_Task brief_: Quote the listing below in full and exactly as written, but omit every picture.

-------- Data extract --------

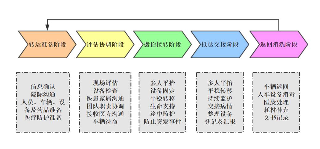 2020年1月1日至2020年5月31日,武汉市急救中心成功转运多例ECMO支持下的重症新冠肺炎患者,未出现一例不良事件,转运团队组成由急救中心ECMO转运医护团队和ECMO医师团队一起协作完成[8]。本研究经伦理委员会审批,批准件号:WHCDCIRB-K-2021023。现总结转运经验,规范各阶段流程,如图 1。
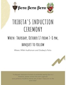 Induction Ceremony for associate and regular members of the Tri-Beta Biology Honors Society.
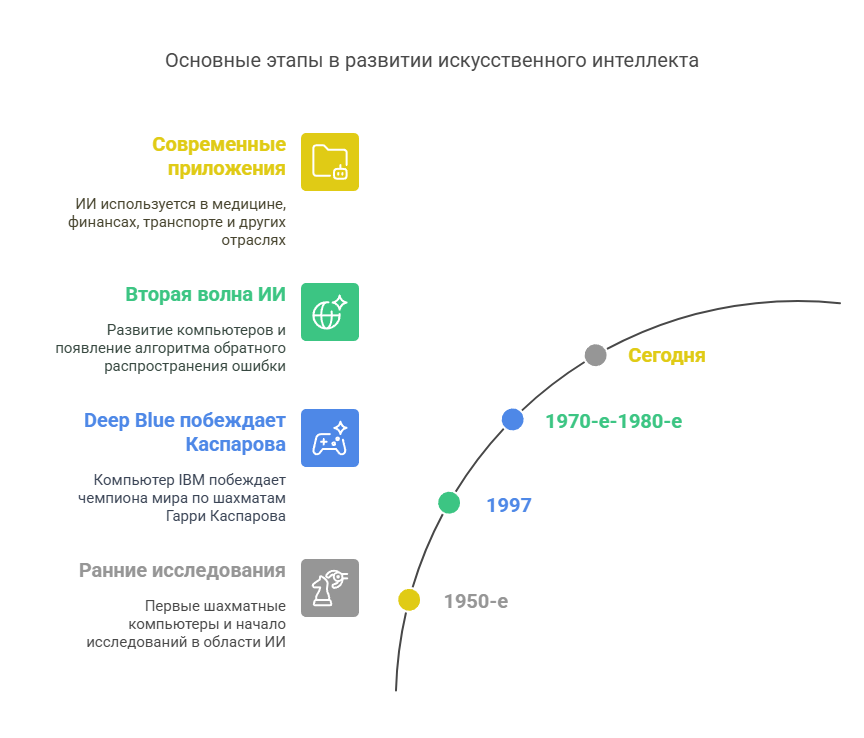 Исследования в области искусственного интеллекта начались в 1950-х годах. Одним из первых успехов стал шахматный компьютер, созданный в 1950-х годах. Одним из ключевых моментов стала игра IBM против Гарри Каспарова в 1997 году, когда компьютер Deep Blue победил чемпиона мира по шахматам.
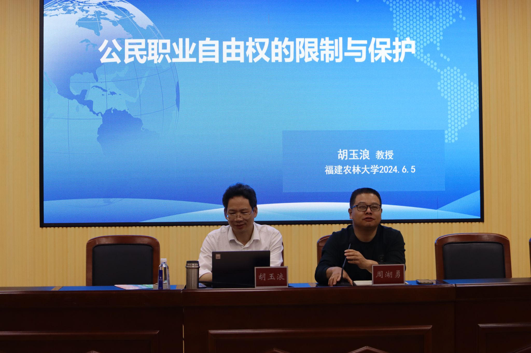 2024年6月5日晚,福建农林大学教授胡玉浪应邀做客suncitygroup太阳集团社会法学术沙龙第8期,为我院师生讲授《公民职业自由权的限制与保护》主题讲座。本次沙龙在suncitygroup太阳集团301会议室举行,由suncitygroup太阳集团副院长周湖勇教授主持,suncitygroup太阳集团柯宇航老师、汪银涛老师及suncitygroup太阳集团部分本科生、研究生参加了此次沙龙。
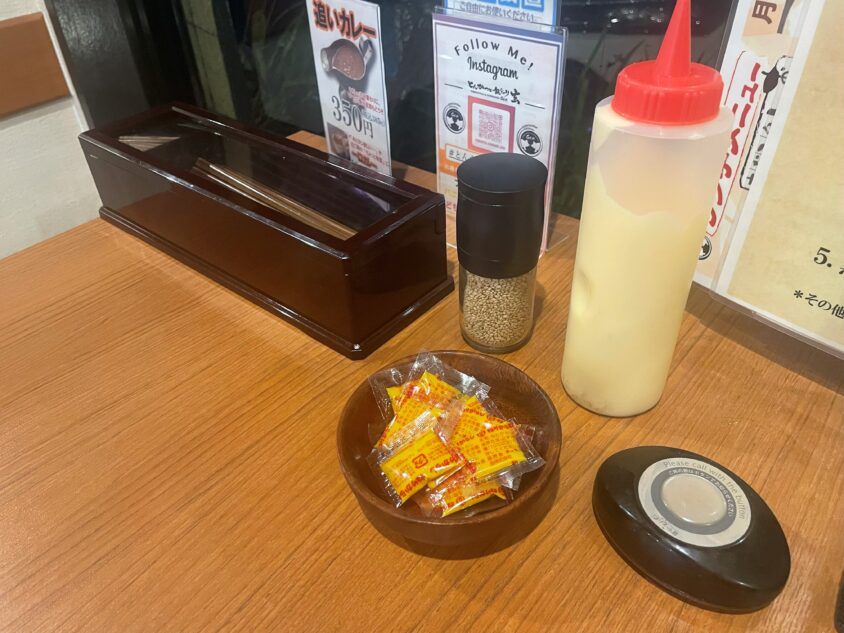 まず卓上には、マヨネーズ、ゴマ、からし、呼び出しボタンが完備。
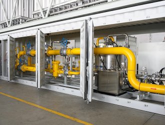 調(diào)壓計(jì)量撬是經(jīng)過主氣化器氣化后的氣體,由于等壓氣化壓力基本保持和儲(chǔ)罐壓力相近,一般用戶需求壓力是一個(gè)恒定的范圍內(nèi)的值,需要進(jìn)行調(diào)壓穩(wěn)壓。同時(shí)為了計(jì)量核算費(fèi)用或廠內(nèi)核算成本,對(duì)氣化后的LNG流量進(jìn)行計(jì)量,為了實(shí)現(xiàn)以上的功能組合在一起的裝置叫調(diào)壓計(jì)量撬。由矩形撬塊、調(diào)節(jié)匯管、控制閥、計(jì)量管、流量計(jì)、調(diào)節(jié)閥、調(diào)節(jié)管、過濾器、出氣管、進(jìn)氣匯管、進(jìn)氣口、出氣匯管、排污管和安全放氣閥組成。有的裝置內(nèi)需要加入加臭系統(tǒng)。

--------

_Solution to this task_:
 2020年1月1日至2020年5月31日,武汉市急救中心成功转运多例ECMO支持下的重症新冠肺炎患者,未出现一例不良事件,转运团队组成由急救中心ECMO转运医护团队和ECMO医师团队一起协作完成[8]。本研究经伦理委员会审批,批准件号:WHCDCIRB-K-2021023。现总结转运经验,规范各阶段流程,如图 1。
 Induction Ceremony for associate and regular members of the Tri-Beta Biology Honors Society.
 Исследования в области искусственного интеллекта начались в 1950-х годах. Одним из первых успехов стал шахматный компьютер, созданный в 1950-х годах. Одним из ключевых моментов стала игра IBM против Гарри Каспарова в 1997 году, когда компьютер Deep Blue победил чемпиона мира по шахматам.
 2024年6月5日晚,福建农林大学教授胡玉浪应邀做客suncitygroup太阳集团社会法学术沙龙第8期,为我院师生讲授《公民职业自由权的限制与保护》主题讲座。本次沙龙在suncitygroup太阳集团301会议室举行,由suncitygroup太阳集团副院长周湖勇教授主持,suncitygroup太阳集团柯宇航老师、汪银涛老师及suncitygroup太阳集团部分本科生、研究生参加了此次沙龙。
 まず卓上には、マヨネーズ、ゴマ、からし、呼び出しボタンが完備。
 調(diào)壓計(jì)量撬是經(jīng)過主氣化器氣化后的氣體,由于等壓氣化壓力基本保持和儲(chǔ)罐壓力相近,一般用戶需求壓力是一個(gè)恒定的范圍內(nèi)的值,需要進(jìn)行調(diào)壓穩(wěn)壓。同時(shí)為了計(jì)量核算費(fèi)用或廠內(nèi)核算成本,對(duì)氣化后的LNG流量進(jìn)行計(jì)量,為了實(shí)現(xiàn)以上的功能組合在一起的裝置叫調(diào)壓計(jì)量撬。由矩形撬塊、調(diào)節(jié)匯管、控制閥、計(jì)量管、流量計(jì)、調(diào)節(jié)閥、調(diào)節(jié)管、過濾器、出氣管、進(jìn)氣匯管、進(jìn)氣口、出氣匯管、排污管和安全放氣閥組成。有的裝置內(nèi)需要加入加臭系統(tǒng)。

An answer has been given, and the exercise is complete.